# BRIEF
Shown below are entries with pictures; the line with "The Plant and" through the line with "flaws/issues: The glue" is the span to retype exactly, and the pictures stay out.

# AVAILABLE DATA

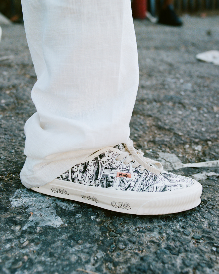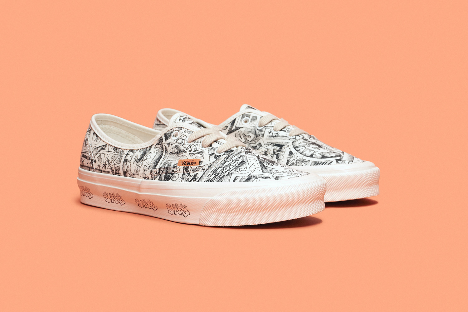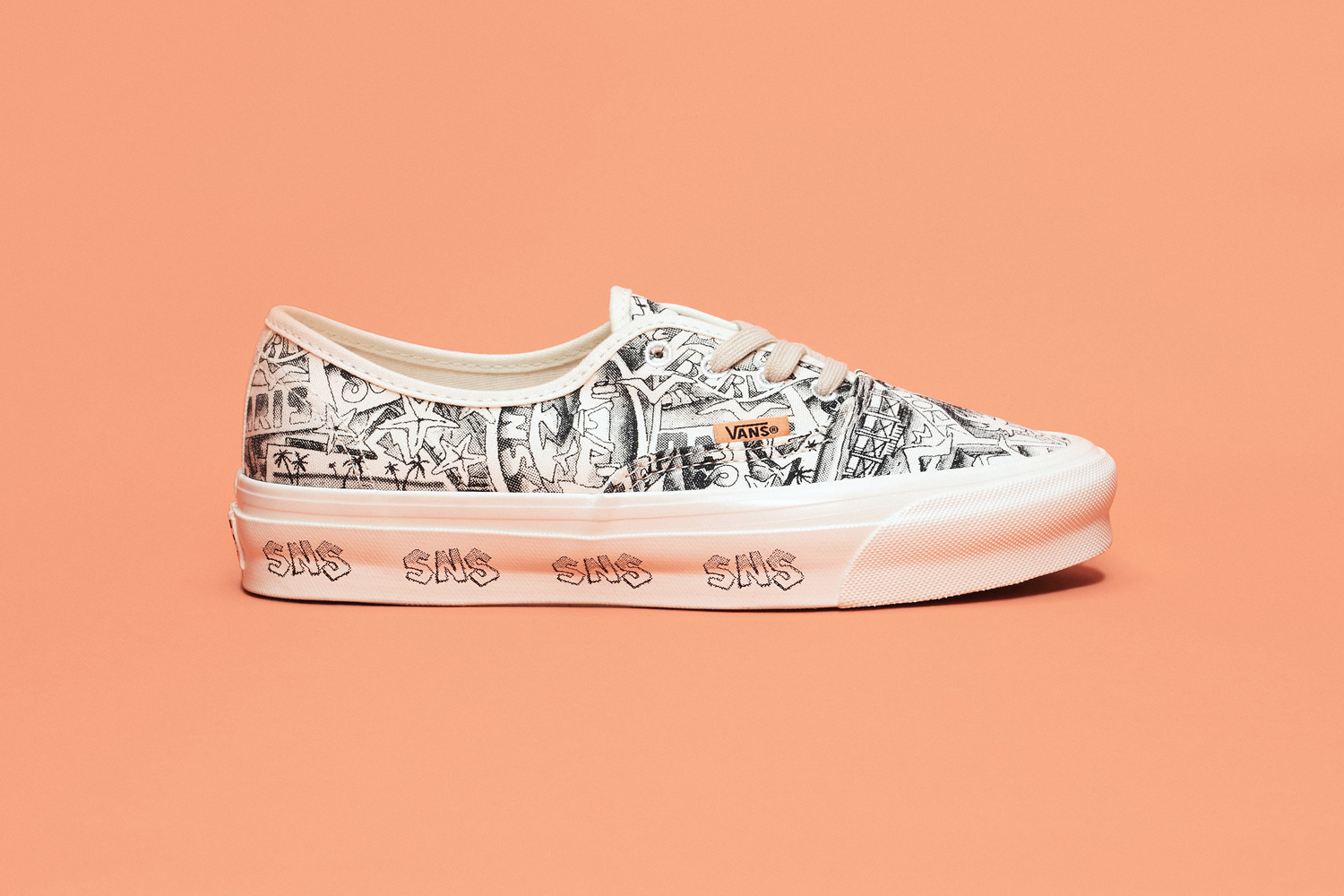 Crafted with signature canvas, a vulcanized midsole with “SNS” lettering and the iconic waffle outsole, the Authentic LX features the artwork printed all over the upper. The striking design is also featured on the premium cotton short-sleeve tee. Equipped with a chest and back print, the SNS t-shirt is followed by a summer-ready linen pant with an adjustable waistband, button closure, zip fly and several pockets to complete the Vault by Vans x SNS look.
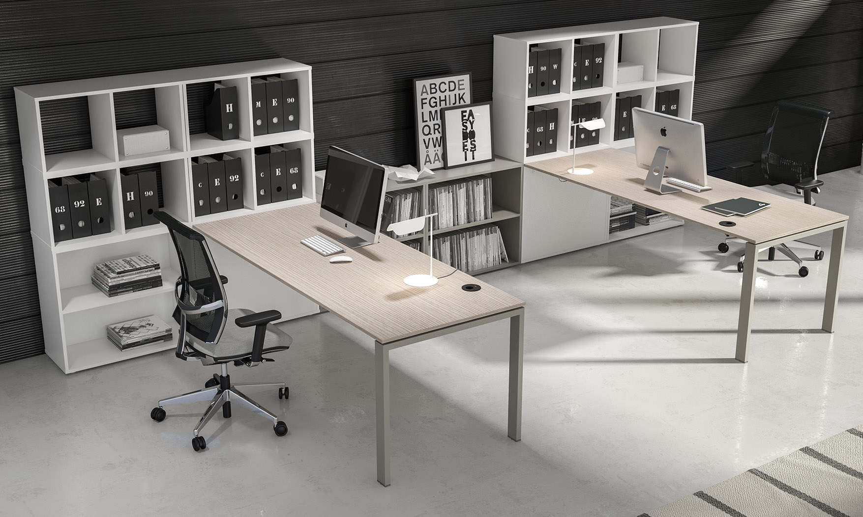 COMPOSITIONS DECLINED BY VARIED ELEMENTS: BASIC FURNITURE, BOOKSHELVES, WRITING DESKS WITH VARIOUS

==

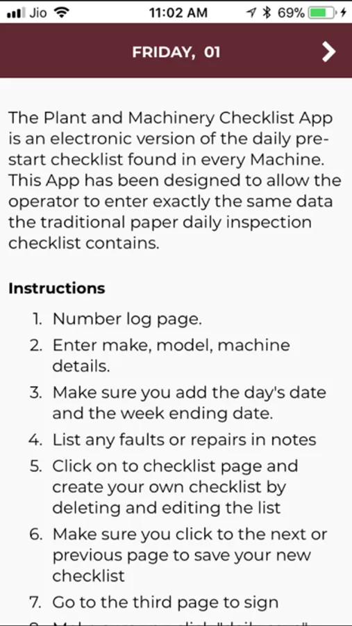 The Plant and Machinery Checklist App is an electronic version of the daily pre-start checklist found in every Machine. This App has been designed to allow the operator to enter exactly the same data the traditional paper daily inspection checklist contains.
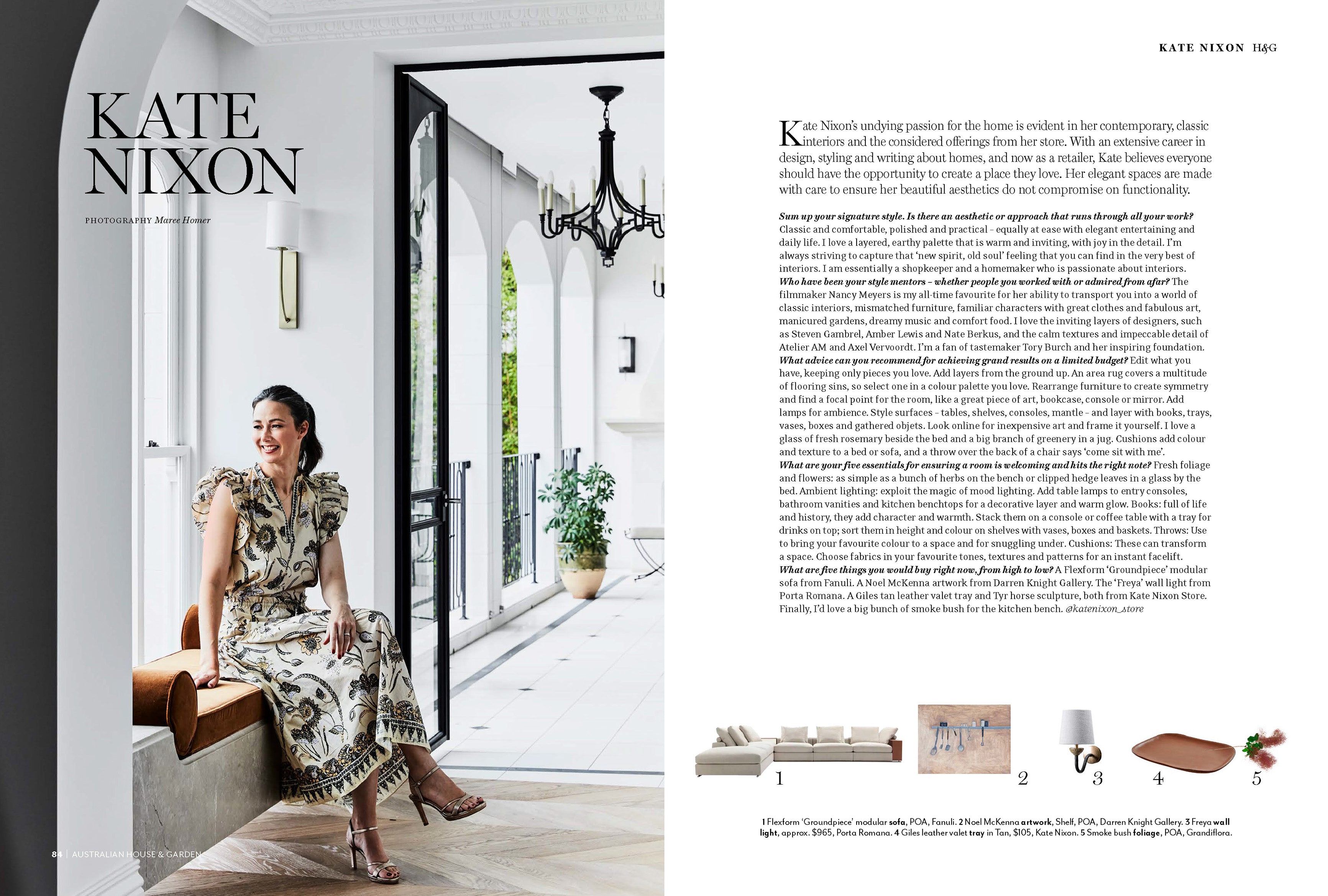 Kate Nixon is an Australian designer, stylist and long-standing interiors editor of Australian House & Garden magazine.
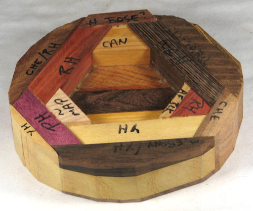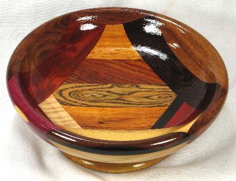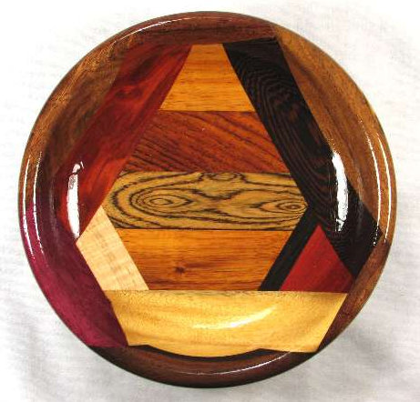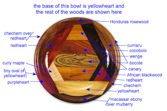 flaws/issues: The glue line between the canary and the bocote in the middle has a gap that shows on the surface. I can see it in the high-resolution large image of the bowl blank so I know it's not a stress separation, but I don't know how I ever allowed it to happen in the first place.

# EXERCISE SOLUTION
 The Plant and Machinery Checklist App is an electronic version of the daily pre-start checklist found in every Machine. This App has been designed to allow the operator to enter exactly the same data the traditional paper daily inspection checklist contains.
 Kate Nixon is an Australian designer, stylist and long-standing interiors editor of Australian House & Garden magazine.
 flaws/issues: The glue line between the canary and the bocote in the middle has a gap that shows on the surface. I can see it in the high-resolution large image of the bowl blank so I know it's not a stress separation, but I don't know how I ever allowed it to happen in the first place.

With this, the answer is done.